= 2019 Touring Car Trophy =

English car racing series

The 2019 Dunlop Touring Car Trophy is the inaugural season of the Touring Car Trophy. The championship features production-based touring cars built to either NGTC, TCR or Super 2000 specifications and will compete in ten races across five meetings across England.
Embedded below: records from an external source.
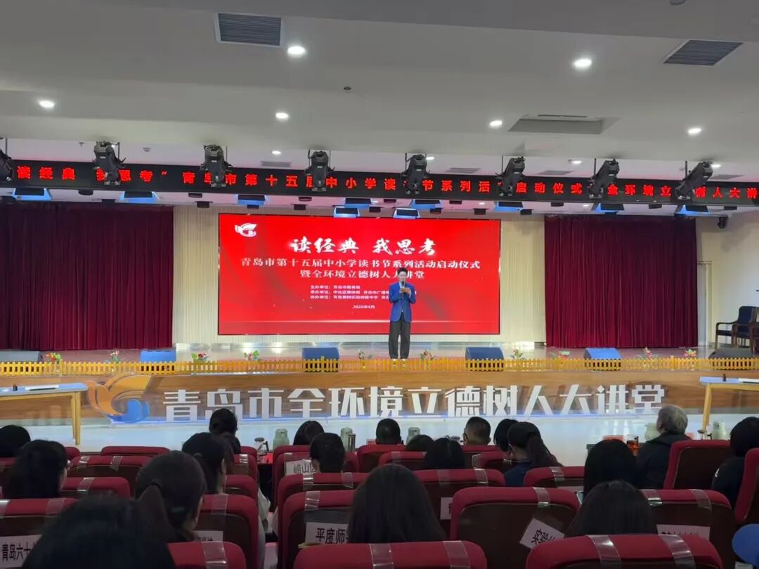 4月28日,由青岛市教育局主办的“读经典 我思考”青岛市第十五届中小学读书节系列活动启动仪式暨全环境立德树人大讲堂在青岛第四实验初级中学举行。
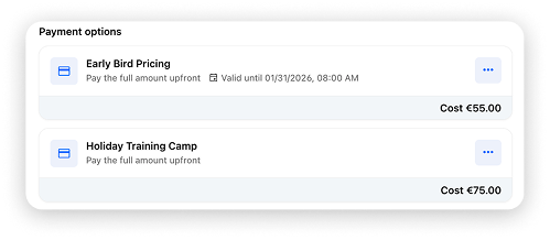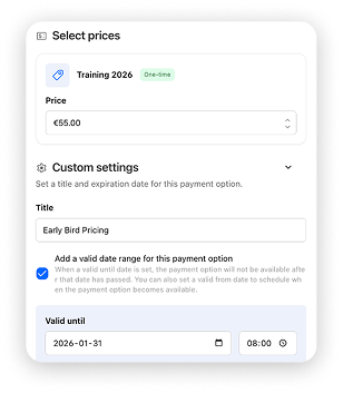 Du kan nu styra exakt när varje betalningsalternativ inom ett paket är tillgängligt genom att ange giltighetsdatum. Detta gör det enkelt att erbjuda förtidsrabatter, standardpriser eller sena anmälningsavgifter utan manuellt arbete eller dubbla paket.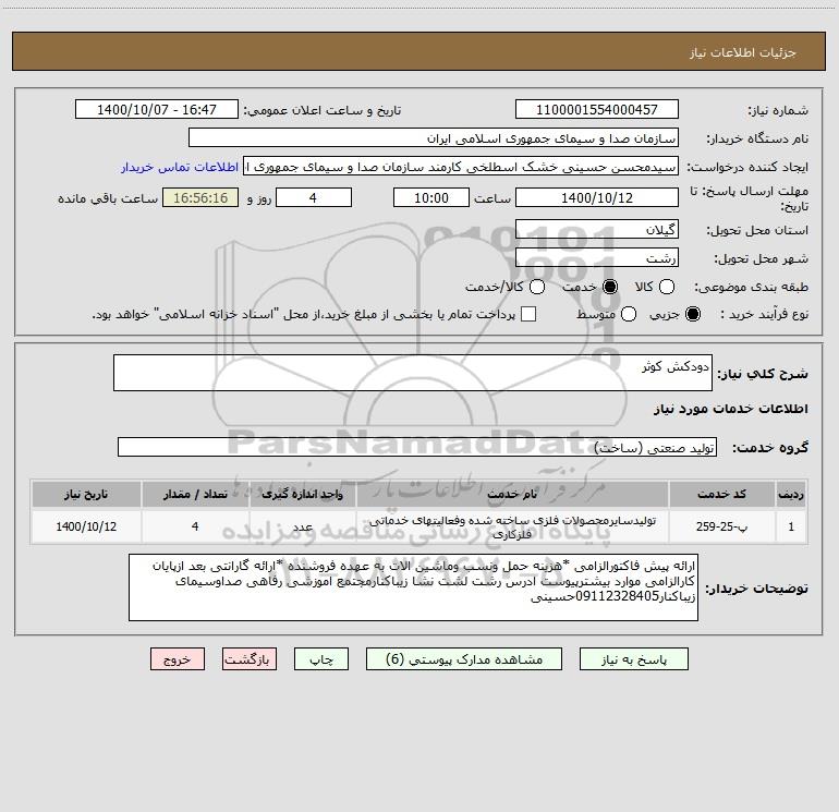 نام دستگاه خریدار:سازمان صدا و سیمای جمهوری اسلامی ایران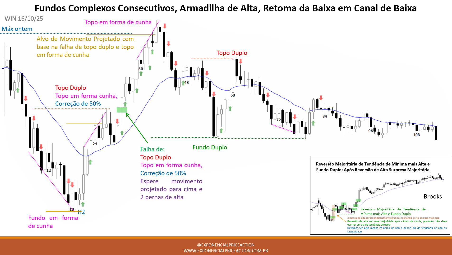 A combinação de clímax de venda + H2 forte + alta surpresa é um dos sinais mais confiáveis de reversão de tendência segundo Al Brooks.
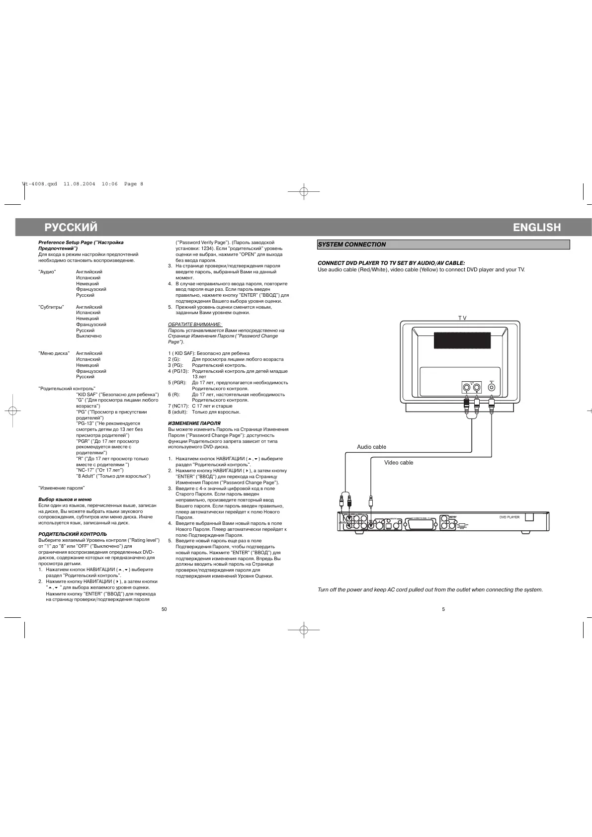 CONNECT DVD PLAYER TO TV SET BY AUDIO/AV CABLE:

The championship is aimed as a feeder category to the BTCC and operated by Stewart Lines' Maximum Group. On April 5, it was announced that TCR UK had merged into the series and will be represented by the TCR class.

==Teams and drivers==

The following teams and drivers are currently entered.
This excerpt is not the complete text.